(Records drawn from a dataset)
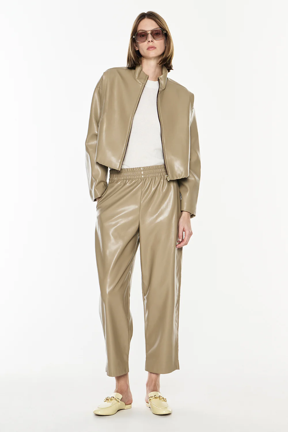 The Major Players Cropped Bomber in vegan leather features a high neck, elasticated hem, and exposed front zip closure. The pleat detailing at the shoulders and sides enhances the relaxed fit, offering effortless elevated style. Pair with the Major Players Pull-On Pant or Major Players Pant for a coordinated, polished look.
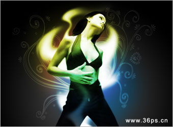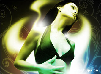 9、为美女添加亮点:在所有图层之上新建一个图层,使用笔刷工具,选择一个柔边的画笔,用白色为美女周边添加一些“亮点”。
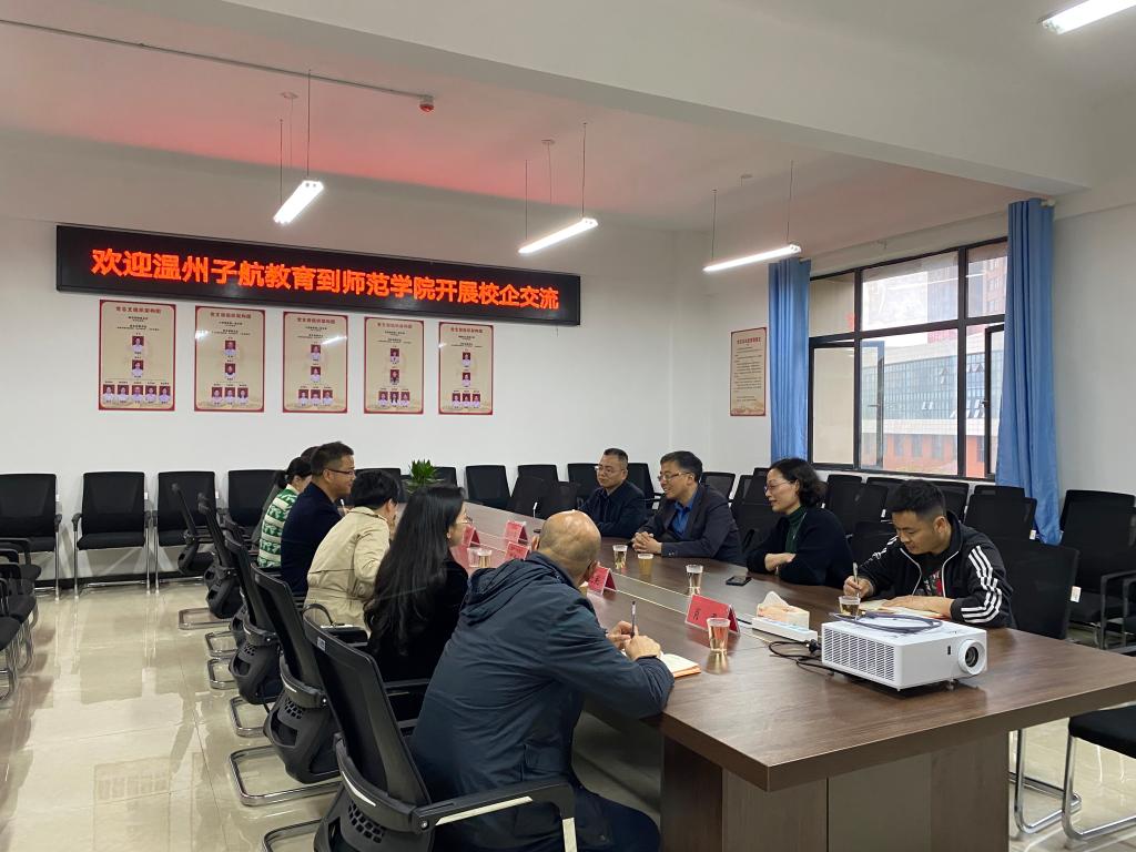 本站讯(师范学院 暨琨)为拓宽校企合作渠道,促进产教融合,探索创新人才培养模式,4月11日下午,师范学院在正心楼B204会议室与温州子航教育集团开展校企交流座谈会,党委副书记、校长邱军,副校长张印华,招生就业处处长彭艳飞及师范学院领导参加座谈。
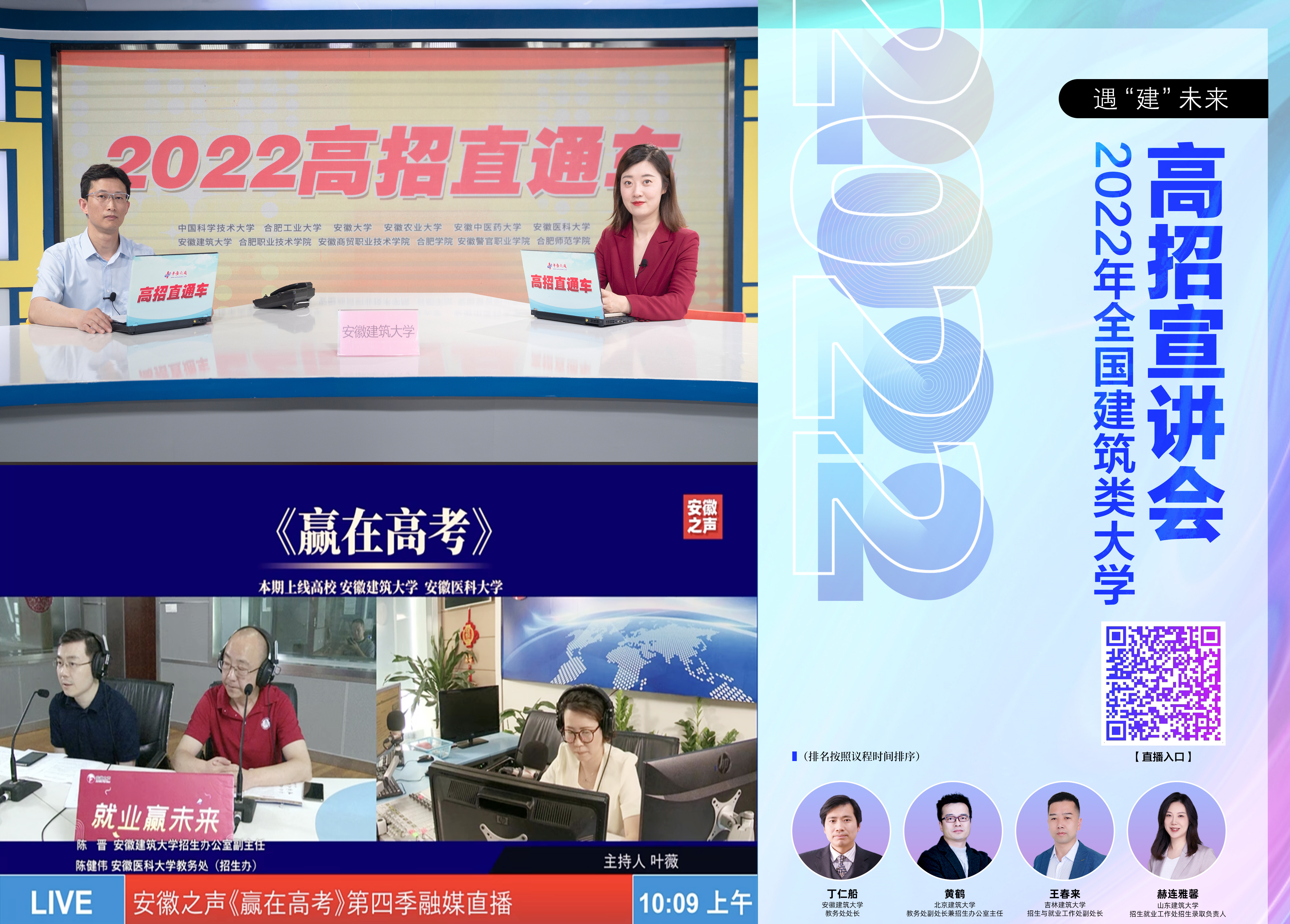 五月下旬,我校与中国建设教育协会普通高等教育委员会、北京建筑大学等单位联合发起首届“全国建筑类高校本科招生线上宣讲会”,在百度、今日头条、学习强国、央视频等多家全国性媒体同步播出,高峰访问量达33万人次,极大丰富宣传资源,有效扩大学校的社会影响力。
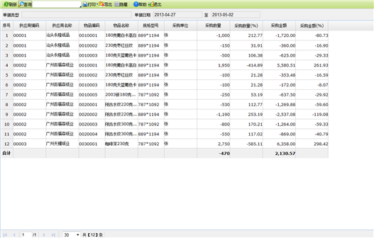 - 输入查询条件或选择已保存的查询方案,点击【确定】按钮,进入采购结构分析显示页面,如下图所示:
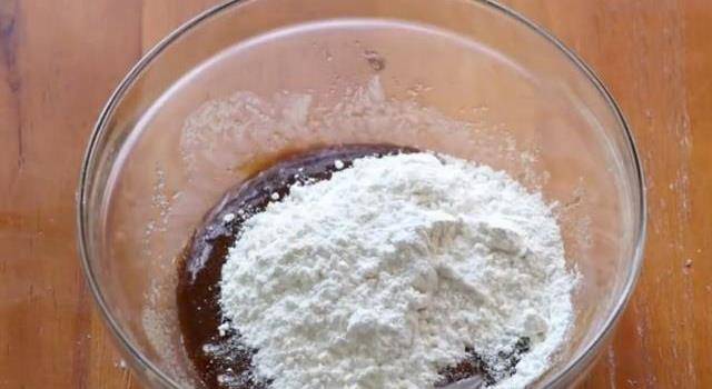 2.碗中打入一個雞蛋,再倒入30克面粉進行充分攪拌。
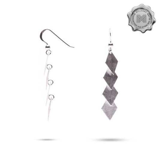 MILLENNE Millennia 2000 Matt Rhombus Hook Silver Dangle Earrings with 925 Sterling Silver
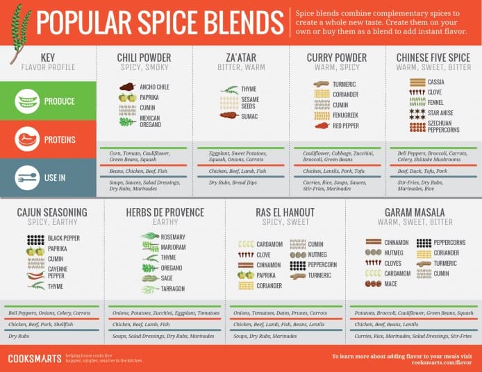You're probably familiar with the name and qualities of these nine well known blends of spices, but can you name the individual spices in each blend? For example, did you know that Garam Masala and Ras el Hanout are each made up of nine different spices or that chilli powder contains four? Traditional Herbs de Provence includes six different herby leaves that bring that classic Mediterranean flavour to meat, fish and vegetable dishes. Test your knowledge and fill in the gaps by looking at the chart of 8 popular spice blends below.

- [What the exercise asks]: Omit the pictures and write out the remaining data exactly.

- [Problem solution]:
 The Major Players Cropped Bomber in vegan leather features a high neck, elasticated hem, and exposed front zip closure. The pleat detailing at the shoulders and sides enhances the relaxed fit, offering effortless elevated style. Pair with the Major Players Pull-On Pant or Major Players Pant for a coordinated, polished look.
 9、为美女添加亮点:在所有图层之上新建一个图层,使用笔刷工具,选择一个柔边的画笔,用白色为美女周边添加一些“亮点”。
 本站讯(师范学院 暨琨)为拓宽校企合作渠道,促进产教融合,探索创新人才培养模式,4月11日下午,师范学院在正心楼B204会议室与温州子航教育集团开展校企交流座谈会,党委副书记、校长邱军,副校长张印华,招生就业处处长彭艳飞及师范学院领导参加座谈。
 五月下旬,我校与中国建设教育协会普通高等教育委员会、北京建筑大学等单位联合发起首届“全国建筑类高校本科招生线上宣讲会”,在百度、今日头条、学习强国、央视频等多家全国性媒体同步播出,高峰访问量达33万人次,极大丰富宣传资源,有效扩大学校的社会影响力。
 - 输入查询条件或选择已保存的查询方案,点击【确定】按钮,进入采购结构分析显示页面,如下图所示:
 2.碗中打入一個雞蛋,再倒入30克面粉進行充分攪拌。
 MILLENNE Millennia 2000 Matt Rhombus Hook Silver Dangle Earrings with 925 Sterling Silver
You're probably familiar with the name and qualities of these nine well known blends of spices, but can you name the individual spices in each blend? For example, did you know that Garam Masala and Ras el Hanout are each made up of nine different spices or that chilli powder contains four? Traditional Herbs de Provence includes six different herby leaves that bring that classic Mediterranean flavour to meat, fish and vegetable dishes. Test your knowledge and fill in the gaps by looking at the chart of 8 popular spice blends below.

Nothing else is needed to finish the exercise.